US streams “less extreme hydrologically” than in 1940s

Floods have not become more severe on US streams despite increased levels of atmospheric carbon dioxide, according to research released on January 15 1999 by the US Geological Survey.

USGS hydrologist Harry Lins and USGS mathematician Jim Slack calculated trends for 395 climate-sensitive streamflow gauging stations in the US during the twentieth century, but found no evidence to support the view that an increase in atmospheric carbon dioxide is causing floods and droughts in the US to become more severe.

Lins and Slack note that “there has been considerable speculation as to whether or not an increase in atmospheric carbon dioxide – popularly referred to as greenhouse, or global, warming – is causing floods and droughts to become more severe. Based on our analysis of changes in long-term streamflow across the nation, we see no evidence that it is.”

Writing in the January 15, 1999 issue of Geophysical Research Letters, the USGS researchers said the general pattern has been toward increasing streamflow in most regions of the conterminous US since the 1940’s, and probably throughout the twentieth century. Decreases appear only in parts of the Pacific Northwest and the Southeast.

By analyzing changes in flow, from the lowest daily flows each year to the highest flows, Lins and Slack were able to get a more complete picture of streamflow trends over time.
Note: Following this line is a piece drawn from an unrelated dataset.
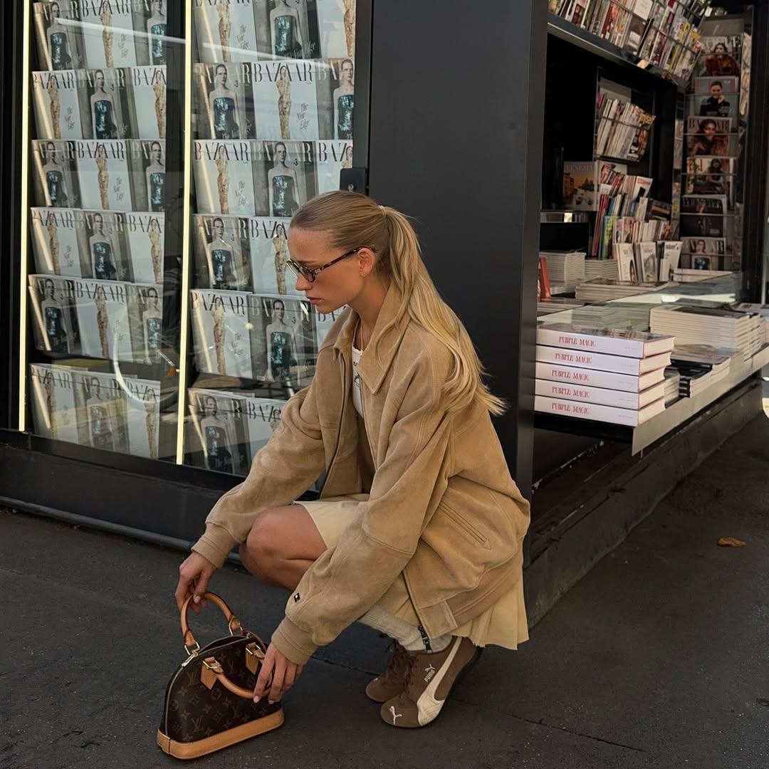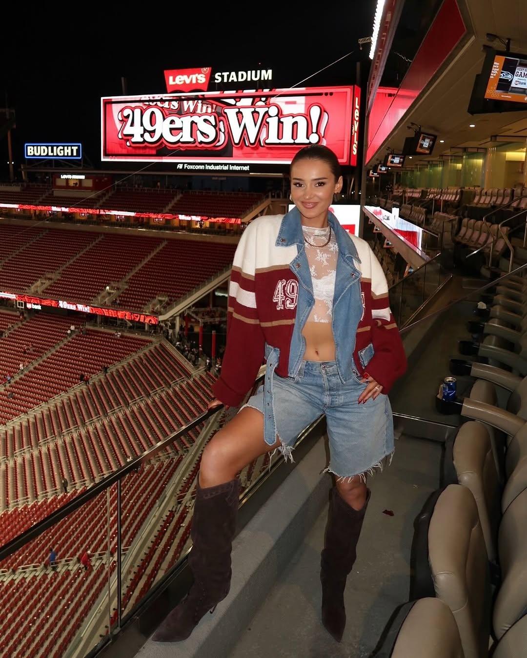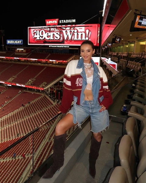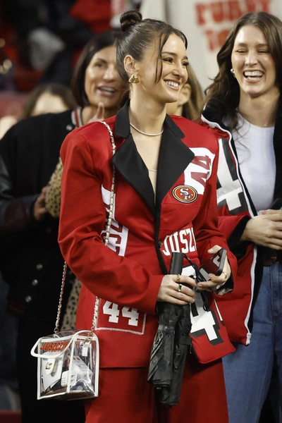 Супруга защитника San Francisco 49ers Кайла Ющика прославилась не только как его жена, но и как дизайнер. Талант превращать старый футбольный мерч в стильные вещи она воплотила в собственном бренде Designs By Kristen, который предлагает уникальную одежду из переработанной атрибутики. Бренд Кристен взорвал интернет, когда Тейлор Свифт появилась в изготовленной на заказ куртке от Ющик. Вскоре после этого Кристен заключила лицензионное соглашение с NFL, а ее клиентская база пополнилась такими звездами, как Симона Байлс и Оливия Калпо. Впрочем, Кристен сама по себе лучшая реклама бренда: ее часто можно увидеть на трибунах в стилизованной одежде с символикой команды, будь то корсетная футболка, гоночная куртка из лоскутного трикотажа или даже лыжный костюм с меховой отделкой (читайте также: Панама на завязках, меховая шапка и еще 8 вариантов головных уборов на весну 2025).

“When we looked at the low to middle range of flows,” Lins said, “we saw a distinct upward trend. For example, if we take the lowest one-day flow, which is called the annual minimum flow, nearly one-third of the streamgauges that we analysed showed an increase.”

This same pattern was also true for the annual average, or median, streamflow. At the highest flows, however, only four percent of the gages experienced increases, while five percent showed decreases.

“We can draw three general conclusions from these trends,” Lins said. “First, the nation’s streams are carrying more water on average. Secondly, the streams are experiencing less severe hydrologic droughts, and thirdly, the streams are not experiencing more floods.

“In other words,” he said, “the United States is now less extreme hydrologically than it was earlier in the century.”

The USGS, in cooperation with more than 800 state, local and other federal agencies, operates a streamflow gauging station network, consisting of about 7000 stations across the country, to collect information about US water resources.